Ok, so I don't _technically_ have these rats yet, but they're a week away from being in my home and these pictures are so cute.





















_Look at that stomach spot!_



















So I am definitely taking the two hooded girls, but the other four PEWs are coming along for the "delivery" ride. There's a chance I might take one of them too. The cuteness may be hard to resist. 

And if you want to know what their names are going to be.... Well you'll just have to wait until next week to find out!


----------



## Berks

omg they are so cute!!! take more pics when they're home for good 
i have a soft spot for the PEW's


----------



## mnic001

Ha! You better believe I'll be taking pictures.


----------



## Poppyseed

They are too adorable! I love hoods.


----------



## OnlyOno

i think it's their ridiculous softness and eternally sleepy looks as babies, or their round faces, or their fat ears, or their soft tails, or their complete floppiness, or something... but baby rats are just so amazingly irresistable.


----------



## amandahoney

baby things have to be cute, so that we (and their parents) will love them and take care of them. there are certain universal "cuteness" characteristics babies of species that need nurturing exhibit. ever notice how it seems that many species that don't need nurturing are born/hatched looking just like miniature adults, without the clumsy soft roundness of babies that we find so adorable? simple evolution.
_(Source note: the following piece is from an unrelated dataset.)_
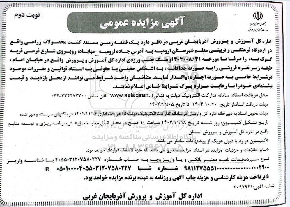 اداره کل آموزش و پرورش آذربایجان غربی در نظر دارد یک قطعه زمین مستعد کشت محصولات زراعی واقع در اردوگاه فرهنگی و تربیتی معلم شهرستان ارومیه به آدرس جاده ارومیه - مهاباد، روبروی شارع فرعی قریه گوگ تپه ، رابه صورت اجاره صرفا تا مورخه 1403.8.31 به اشخاص حقیقی یا حقوقی به استناد قوانین و مقررات موجود در شرایط خاصی واگذار نماید. متقاضیان واجد شرایط می توانند از محل بازدید و قیمت پیشنهادی خود را با رعایت موارد برگ شرایط خاص اعلام نمایند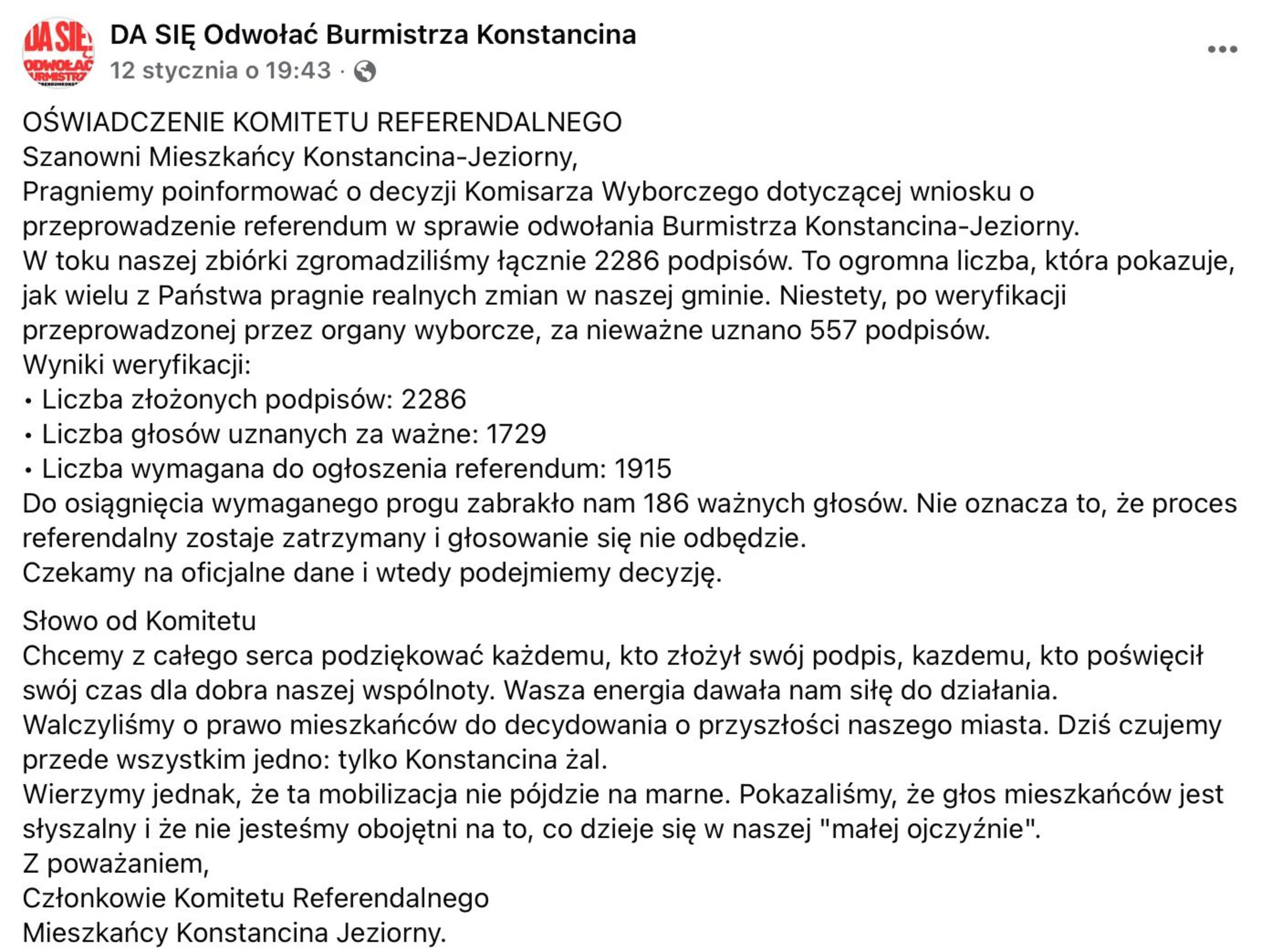 Grupa inicjatorów referendum, skupiona wokół profilu społecznościowego „Da się Odwołać Burmistrza Konstancina”, poinformowała o wynikach weryfikacji. Podkreślono, że brakowało jedynie 186 ważnych podpisów, by rozpocząć procedurę głosowania. Członkowie komitetu podziękowali mieszkańcom za wsparcie i zaangażowanie, uznając zebraną liczbę podpisów za dowód na istniejące potrzeby zmian w gminie.

that being said, i, too, love cute little soft babies, and yours are precious.


----------



## Inesita

Aw, they are too cute! *melts*


----------



## fallinstar

aww so cute


----------



## rasin

the little ratie fat faces and round mouths are just way to irresistible!


----------



## Strike2

Nice.


----------



## DonnaK

Very nice  I love the shot of the two from behind.


----------



## mnic001

~30 hours left!


----------



## mnic001

Delayed until Sunday night....


----------



## DonnaK

mnic001 said:


> Delayed until Sunday night....


Oh no!


----------



## Nazarath

*I hope you get your hunnies soon!! I LOVE the first pic their faces just make me melt *


----------



## tattered_teddy_bear

HEHE YAY. the girls got there safely and the PEW girls still need homes. 

WHERE ARE THE PICTURES NIC???!!!!
I forgot to take a good look at your cage when i was there, but mat said he saw it with everything inside already. :lol: 

=)

<3


----------



## mnic001

The pictures are coming! I promise. I've been snapping candids when I can, but usually I'm too distracted by their playfulness. Beyond that, I've been dealing with a few unfortunate circumstances that have demanded my attention.
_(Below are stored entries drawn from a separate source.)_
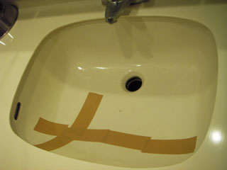 応急処置。交換工事中に撮らせてもらったので水栓がもうない(笑)。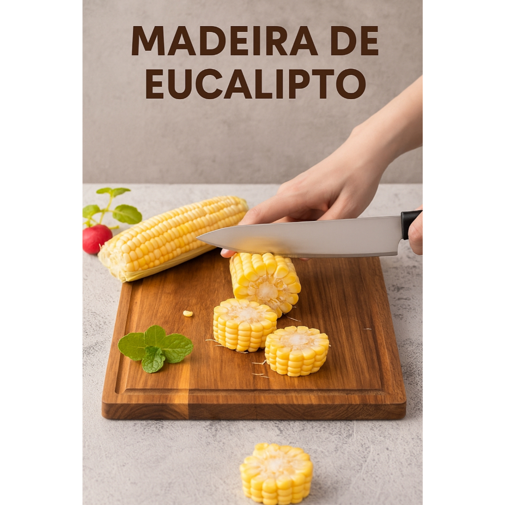 Kit Tábua de Carne Madeira Eucalipto + Faca e Garfo Inox – Resistência e Beleza no Seu Churrasco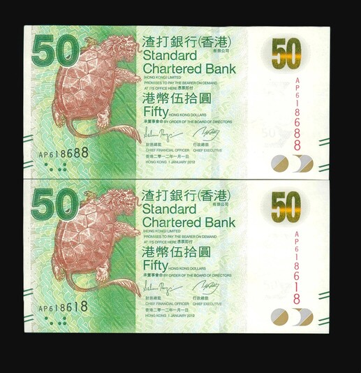 2012 香港渣打銀行 $50 UNC 編號:AP618618…(共2張,含重複號,8尾)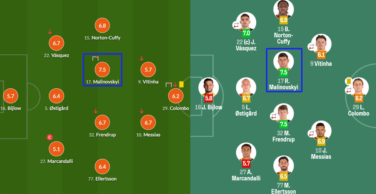Точно такую же оценку Малиновский получил и от SofaScore. В данном случае это тоже лучший показатель в «Дженоа» с тем лишь отличием, что 7.5 балла получил еще один игрок команды — Мортен Френдруп.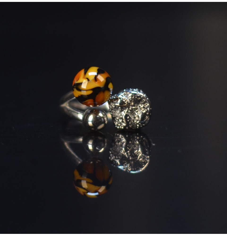 Bague réglable avec perle de verre – Nouveau modèle - motif Léopardf
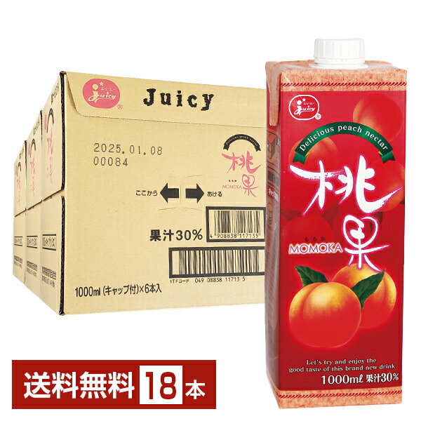 ジューシーは、JA熊本果実連が熊本市と南アルプスの麓、山梨県白州町の両ジュース工場で、新鮮な果実・野菜と良質な水を利用してつくる、高品質で安全な清涼飲料水のブランドです。 豊かな自然の中でつくられたフルーツや野菜を、安心・安全に食卓にお届けできるよう、2つの工場ではHACCPシステムにもとづいた衛生管理を行っております。 また、品質マネジメント規格であるISO9001、食品安全マネジメント規格であるFSSC22000の認証を取得し、安心で質の高い商品づくりを目指しています。 ジューシーは、学校給食を応援しています。 もともとジューシーは、成長期の子どもたちを思って開発された飲み物。 全国有数のみかんの産地である熊本のみかんを、おいしさも栄養素もそのままに飲んでもらいたいと試行錯誤して生まれました。 1973(昭和48)年に、紙パック入りのみかんジュースとして全国で初めて学校給食に導入。 いまでも熊本・鹿児島両県の小中学校で年間100万本以上が飲まれています。 ITEM INFORMATION 果肉感のあるとろっとした口当たり 白桃の果実を食べているような みずみずしくジューシーな味わい juicy ジューシー 桃果 MOMOKA ジューシー ももか 果汁30% ジューシー 桃果は、白桃の瑞々しくジューシーな味わいと濃厚な甘みをそのまま楽しめるジュース。 果肉感のあるとろっとした口当たりと豊潤な香り、桃の果実を食べているような飲み心地です。 商品仕様・スペック 生産者ジューシー 商品名ジューシー桃果 タイプ果汁入り飲料 原材料もも(輸入)、ぶどう糖果糖液糖/香料、酸味料、酸化防止剤(ビタミンC) 容 量1000ml ジューシー ジューシー桃果 1L 1000ml 紙パック 6本 1ケース【送料無料(一部地域除く)】 juicy 桃 白桃 もも ももか 2,841 ~

I'll make a new post for the pictures (and an official introduction), and I'll include a couple of the cage for good measure. 

The girls have really been loving their new home (as far as I can tell). I can let them out almost anywhere and they always end up on my shoulder or head. The big girl is the fearless leader and her little sister follows her everywhere. They usually end up next to or on top of each other. Very cute. I'm working on names and pictures.... they will be here soon.


----------